Dendrimers can also be used as diagnostic tools for the replacement of conjugated microparticles. By linking dendrimers to antibodies they can be used as carriers for different detector ligands. The surface area of the dendrimer nanoparticles results in an increased amplification of the detector ligands thereby providing improved sensitivity in diagnostic applications.

Implications for the future

Living systems are governed by the behaviour of molecules at the nanoscale level. Multidisciplinary convergence between chemistry, physics and biology is stimulating new applications in biotechnology.

New nanostructured materials such as dendrimers and fullerenes able to mimic biological systems will provide new approaches to drug delivery and the further development of therapeutic drugs that target specific diseases.

Nanotechnology will also provide tools for analysing cells and cellular components. New analytical devices will be capable of probing the inconsistencies in cells and tissues, locate the abnormalities and deliver appropriate therapy thereby facilitating extended life span in humans.

Quantum dots will play a role in the visualisation of tagged molecules and in new diagnostic assays. In vivo nanodevices will be implanted to provide continuous monitoring of biological functions and to proactively deliver controlled release doses of therapeutics necessary to treat disease.

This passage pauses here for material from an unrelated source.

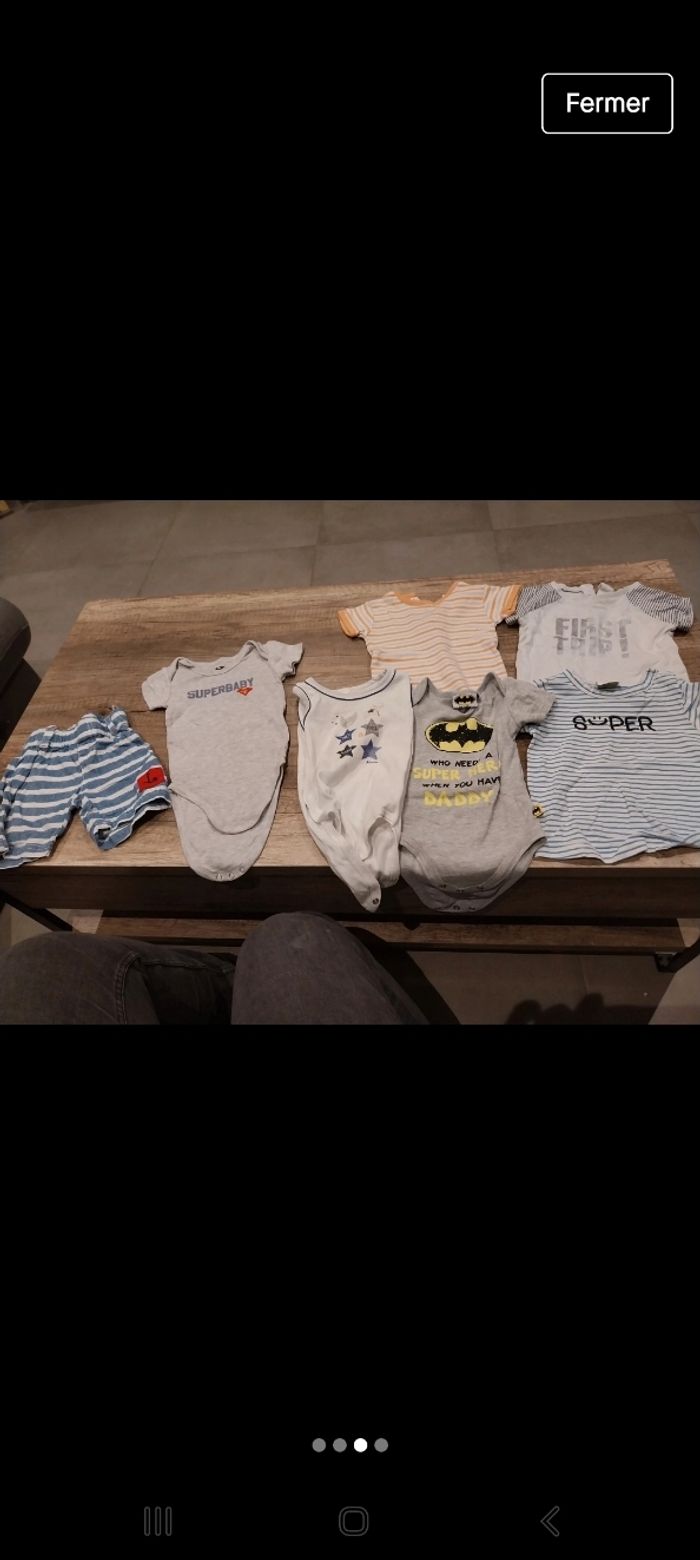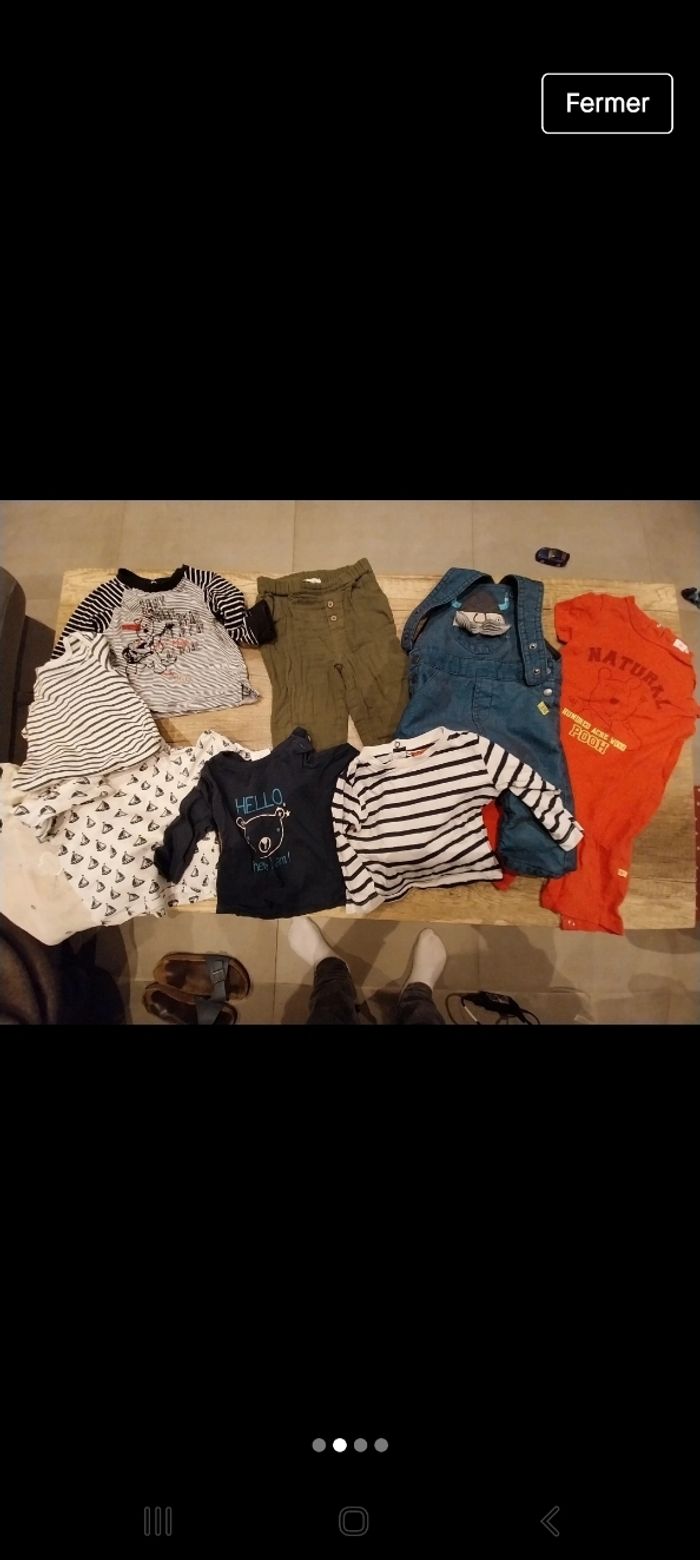 Lot mi-saison/été 9 mois garçons comprenant: 1 short 3 Tee-shirts 2 bodies manches courtes 1 bodies sans manche 1 bodie manche longue 4 Tee-shirt manches longues 1 combinaison 1 pyjama velour 1 veste de cérémonie 1 pantalon de cérémonies 1 pantalon très légers 1 salopette polaire à l'intérieur Soit au totale 17 article pour 12 euros #9moisgarcon #été #misaison #printemps #lot9moisgarçon
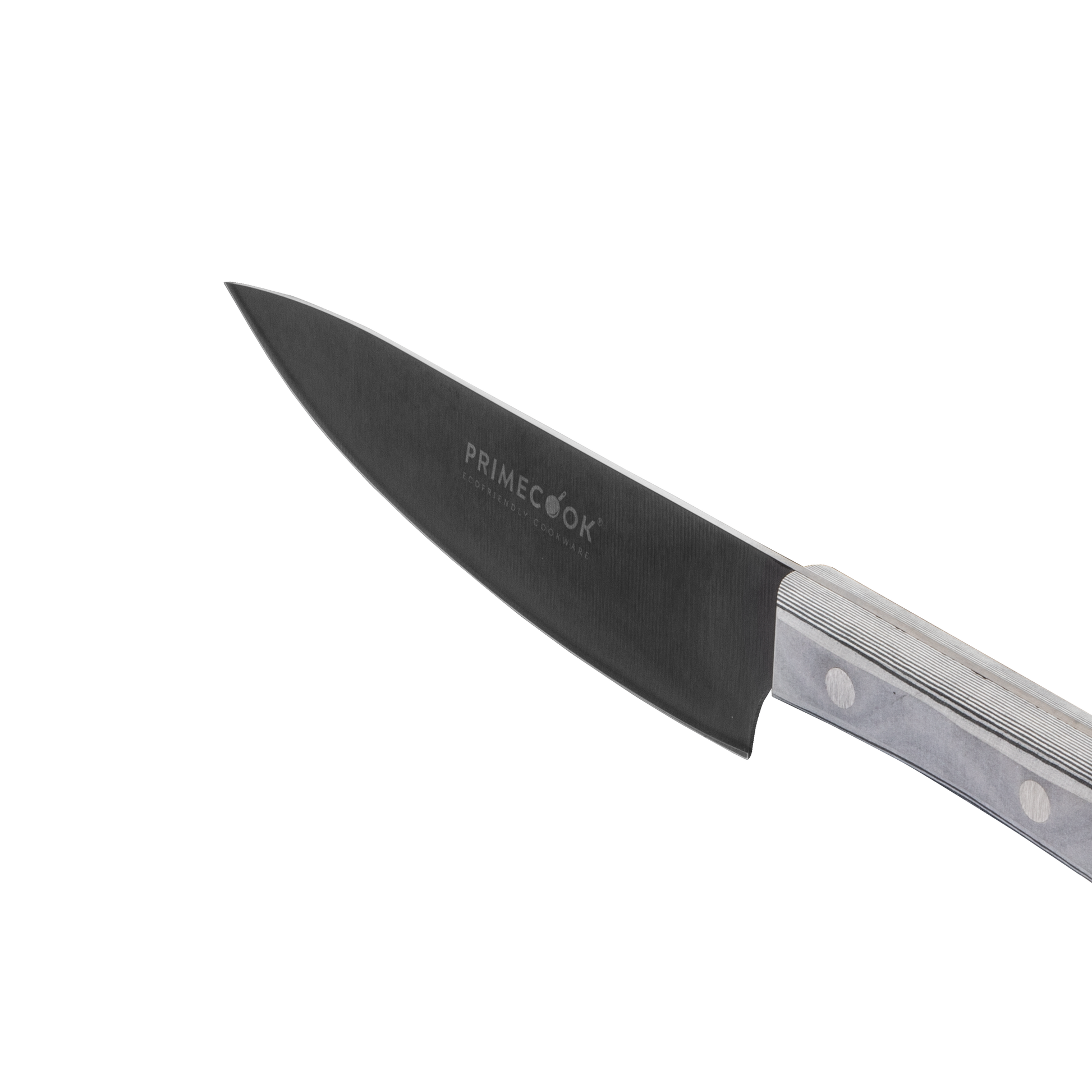 De keukenmessen uit de Anthracite line van Primecook zijn geschikt voor gebruik door de hobbykok, maar zeker ook in de professionele keuken. Een goed slijpbaar mes dat zeer lang mee gaat.

The penultimate vision is the release of nanobots into humans where they continuously monitor and repair damaged cells and tissues or fight foreign intruders. The development of new rejection-resistant implants, tissues and organs will ultimately extend the lifespan of humans and slow down the aging process. Nanotechnology will ultimately shift the focus of patient care from disease treatment to proactive early detection and prevention.